Sprint 2: Core Components (Week 3-4) - COMPLETED

Objectives: - Implement device memory and event storage - Create anomaly detection module - Build analysis modes

Deliverables: - event_store.py - Device event caching (Implemented) - device_memory.py - Vector database integration (Implemented) - anomaly_detection.py - Health scoring (Implemented) - analysis_modes.py - Mode definitions (Implemented) - Database integration for Event Store (Implemented - uses device_metrics) - Integration tests (Implemented)

Database Schema:

-- AI-related tables
CREATE TABLE ai_incident_patterns (
    id SERIAL PRIMARY KEY,
    device_id INTEGER REFERENCES devices(id),
    pattern_description TEXT NOT NULL,
    embedding VECTOR(768),  -- SentenceTransformer output dimension
    created_at TIMESTAMPTZ DEFAULT NOW(),
    severity VARCHAR(20)
);

CREATE TABLE ai_anomaly_logs (
    id SERIAL PRIMARY KEY,
    device_id INTEGER REFERENCES devices(id),
    health_score FLOAT NOT NULL,
    status VARCHAR(20) NOT NULL,  -- healthy, warning, critical
    metrics JSONB NOT NULL,
    created_at TIMESTAMPTZ DEFAULT NOW()
);

CREATE TABLE ai_reports (
    id SERIAL PRIMARY KEY,
    report_type VARCHAR(50) NOT NULL,  -- daily, incident, weekly
    site_id INTEGER REFERENCES sites(id),
    device_id INTEGER REFERENCES devices(id),
    content TEXT NOT NULL,
    generated_at TIMESTAMPTZ DEFAULT NOW(),
    mode VARCHAR(20) NOT NULL  -- maintenance, predictive, executive
);


Sprint 3: API Endpoints (Week 5)

Objectives: - Build natural language query API - Implement device analysis endpoints - Create report generation

Deliverables: - /api/ai/query - Natural language queries - /api/ai/analyze/{device_id} - Device analysis - /api/ai/predict/{device_id} - Anomaly prediction - /api/ai/report/{device_id} - Report generation - /api/ai/insights/{site_id} - Site-wide insights - API documentation (OpenAPI/Swagger) - Integration tests with mocked LLM responses


Sprint 4: Testing & Optimization (Week 6-7)

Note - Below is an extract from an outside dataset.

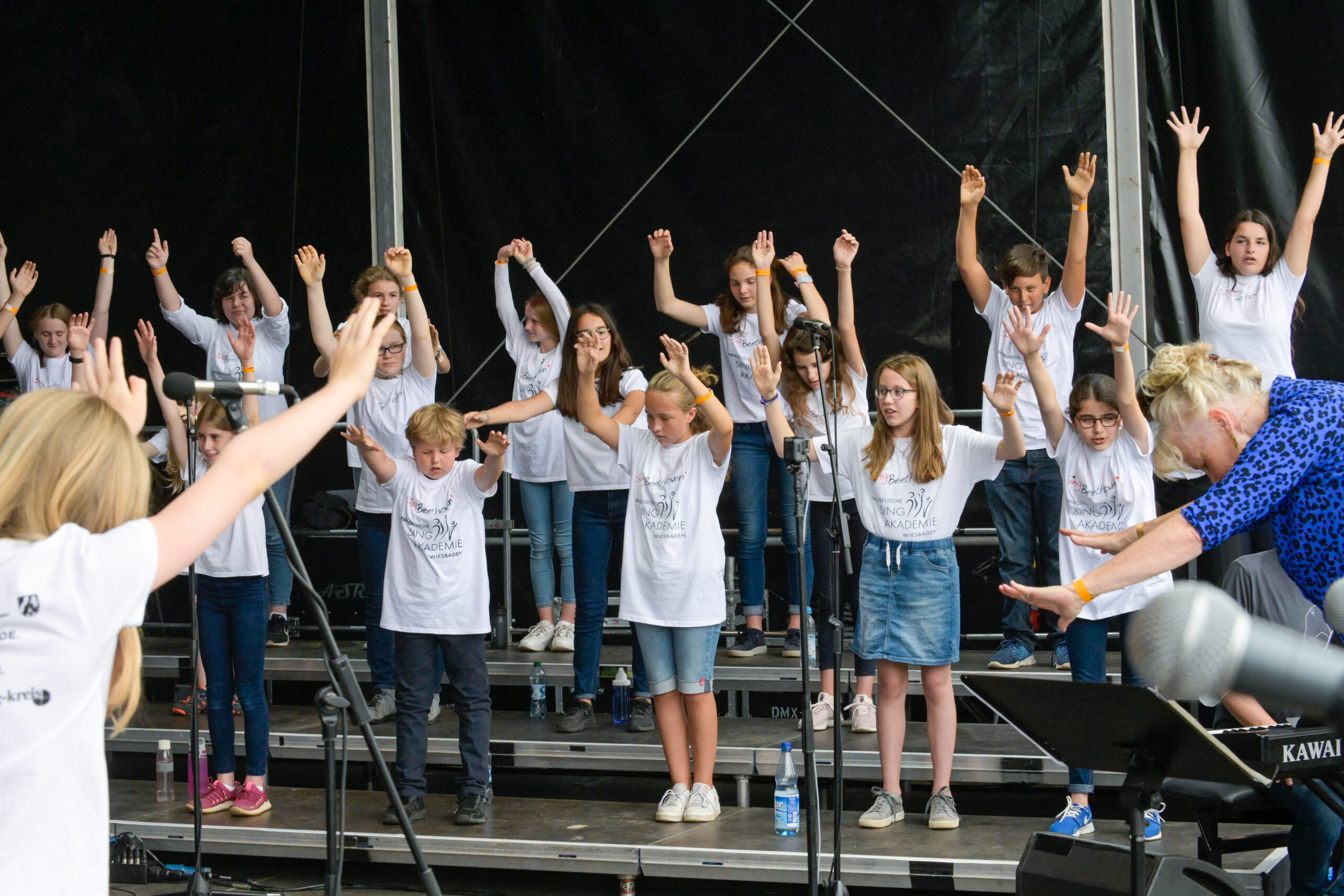 Dass sich dieser Aufwand gelohnt hat und die Veranstaltung für viele Kinder und ihre Eltern ein Lichtblick und motivierendes Ziel während der Pandemie war, haben auch Sophia und Gülpembe, Schülerinnen der Brüder-Grimm-Schule in Mainz-Kostheim, berichtet. Geprobt haben „sie wöchentlich, und das gerne“. Zusammen mit ihren Lehrer*innen und Familien eröffneten die Sänger*innen das Konzert mit der „Ode an die Freude“ unter strahlendem Sonnenhimmel, nachdem die ursprünglich geplante Aufführung nach anhaltender Gewitterwarnung abgesagt werden musste und das für größere Enttäuschung gesorgt hatte. Dafür war die Freude diesmal doppelt so groß, auch bei den Organisatoren.

Objectives: - End-to-end testing - Performance optimization - Memory usage optimization

Deliverables: - E2E test suite (pytest) - Performance benchmarks (query response time) - Memory profiling and optimization - LLM response caching - Error handling and retry logic - Load testing (concurrent queries)

Performance Targets: - Query response time < 2 seconds (95th percentile) - Memory usage < 8GB (Ollama + ChromaDB) - Concurrent queries: 10+ simultaneous users - Embedding generation < 100ms per document


Sprint 5: Integration & Documentation (Week 8)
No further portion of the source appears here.